When the age discrimination legislation, which implemented the EU’s Equal Treatment Directive of November 2000, was first introduced in the UK back in 2006, a large number of claims were expected based on ageist comments being made in the workplace. This was based in part upon a concern that age related comments simply did not have the same taboo as those based around gender or race and as such were more likely to occur. Jokes based on age were (and still are) regularly seen on TV and in greetings cards and were heard around the workplace - Bob's first car was a T-model Ford is one that sticks in my mind.

However, a deluge of age-based claims simply didn't happen and hardly any reported decisions based around hurtful ageist comments were seen, with most claims under the age discrimination legislation dealing with the application of benefits based on length of service. This is also true of cases brought in the EU, few in number and mostly brought regarding dismissal or provision of pensions. Perhaps people are less ageist than we gave them credit for, or perhaps the comments are out there but the recipients accept them as within the course of normal office banter.

Not so for Mr James, claimant in the recent case heard before the UK Employment Appeals Tribunal (EAT) James v Gina Shoes who challenged the position he found himself in.

During the course of being disciplined for poor performance Mr James was told by his manager that if he was younger he could be trained up (he was in his early sixties) but you 'can't teach an old dog new tricks'.

Unsurprisingly, the EAT held that such comments created an indication of an inclination to discriminate on grounds of age. The Tribunal consequently found that age discrimination had taken place that led to Mr James' subsequent resignation, and that the employer was required to prove it had not discriminated against him.
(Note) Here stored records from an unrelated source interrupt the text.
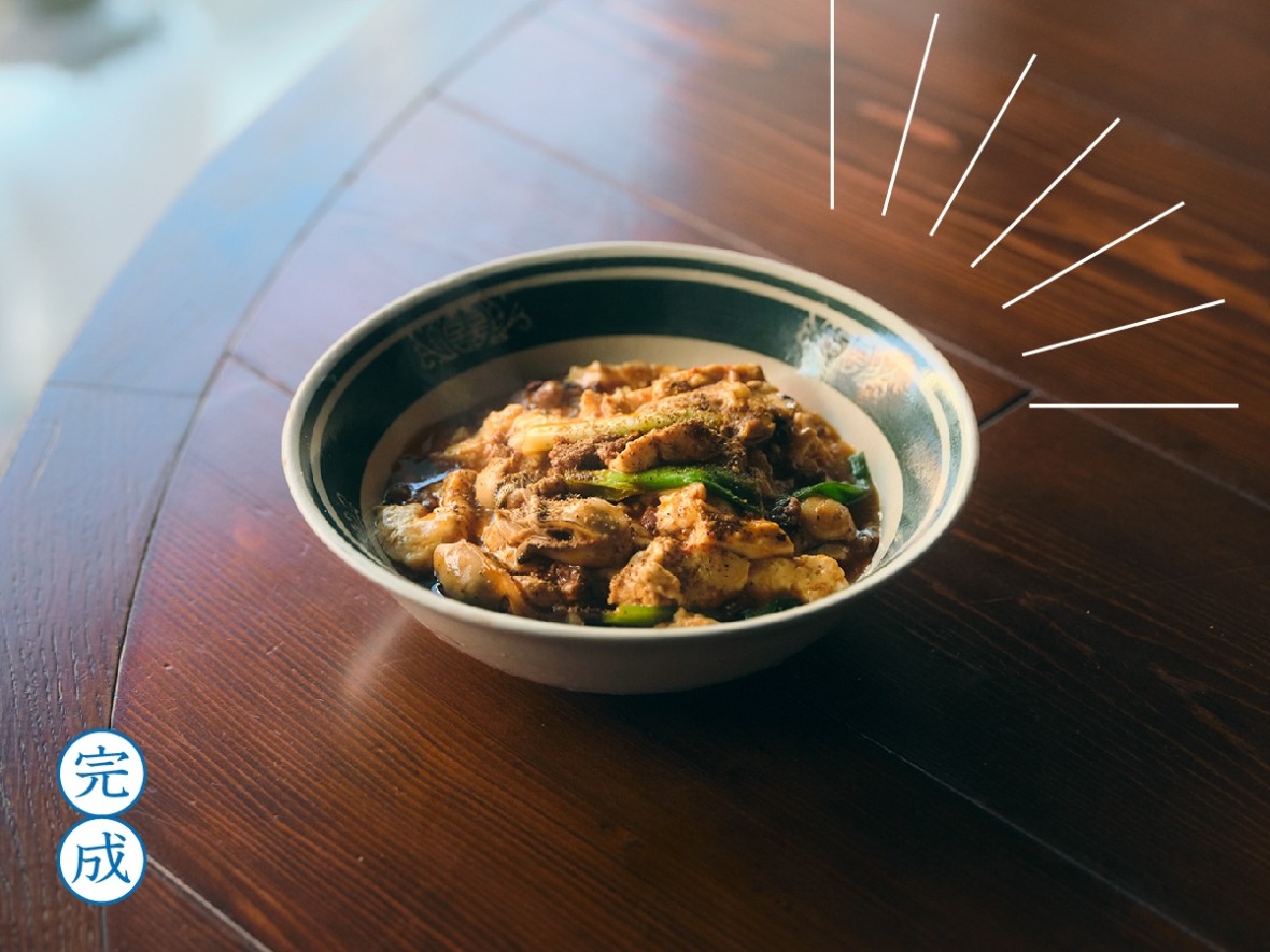「鉄分、ビタミンが豊富な牡蠣、動物性タンパク質のひき肉、植物性タンパク質の豆腐など、一品でたくさんの栄養素を摂ることができる一皿。牡蠣の代わりに白子を入れるのもおすすめです! 麻婆豆腐はかんたんにつくれるのに、一品で食卓が華やかになります」。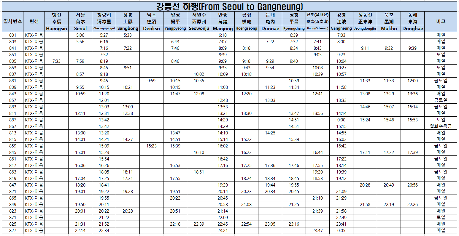 ● KTX 강릉선 시간표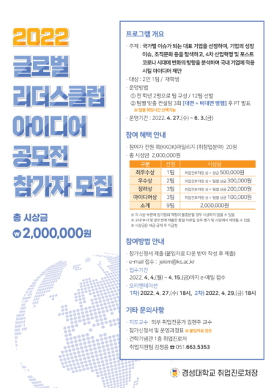 경성대학교 대학일자리플러스센터는 글로벌 역량강화를 위해 ‘글로벌 리더스클럽 아이디어 공모전’을 오는 27일부터 6월 3일까지 운영한다.

Under the EU Directive it is likely that a claim brought on grounds similar to those of Mr. James would have the same result across Europe, as Article 2(a) states that ‘direct discrimination shall be taken to occur where one person is treated less favourably than another’ for reason of their age. The refusal to provide training to an older member of staff would certainly prove to be such treatment.

Despite their being relatively few age discriminations cases brought in the EU as labour markets become tighter, it is possible that more employers will begin to argue that the dismissal of older workers is justifiable on the grounds of opening up opportunities for the employment of younger workers. However, as the EU Directive shows and the decision in James v Gina Shoes employers will have to make a strong case that can in no way be based on a person’s age.

The case of James v Gina Shoes is a timely reminder that 'off the cuff' comments touching upon the age of colleagues can land an employer and HR professionals in hot water and that any equal opportunities training can usefully include a refresher on age-related comments. Furthermore, the case highlights how unacceptable age related barriers in employment are; a job that involves regular training is not one that older people are excluded from or one that they won’t thrive at doing.

Stephen Mutch is an Employment Associate at Manchester Solicitors Pannone LLP.